If the Gay leadership were to hear from the Network leadership a genuine commitment to a traditional, biblical and high view of sexual relations then I do no doubt but that it would recognize that its “opponents” were changing, ready to abandon their own lax discipline in terms of pre-marital sex and remarriage of clergy and laity in church after divorce. Right now the Network leadership seems very hypocritical to the Gay leadership for it condemns same-sex partnerships while tolerating in its midst living-in arrangements by heterosexual couples and serial monogamy amongst clergy and laity.

If the Network leadership were to hear from the Gay leadership how they read and interpret Scripture, that they claim to use the same methods as those which led to the acceptance of women’s ordination, and that they believe that human experience testifies that same-sex covenanted unions can be blessed of God, then it may be more understanding & tolerant of this one and only one aspect of homosexuality – the possibility that some genuine, faithful, covenanted unions can and do exhibit signs of the love of God.
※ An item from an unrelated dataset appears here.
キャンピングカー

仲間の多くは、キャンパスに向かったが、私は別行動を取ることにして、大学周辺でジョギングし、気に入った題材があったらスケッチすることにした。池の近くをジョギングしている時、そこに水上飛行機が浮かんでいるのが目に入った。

It is possible that this Dialogue will not achieve any specific resolutions and agreements. However, it will increase understanding and it should enable the Network to be clear as to why it will either stay in the ECUSA or leave it to attempt to form a new North American Province of the Anglican Communion of Churches.

A final comment. If The Network chooses to leave the ECUSA very soon, then it still needs to sort out its doctrine and practice of sexuality for there is some truth in the charge of hypocrisy made by the Gays in terms of the lax attitudes to heterosexual relations tolerated by the Network in its membership, its teaching and its pastoral practice.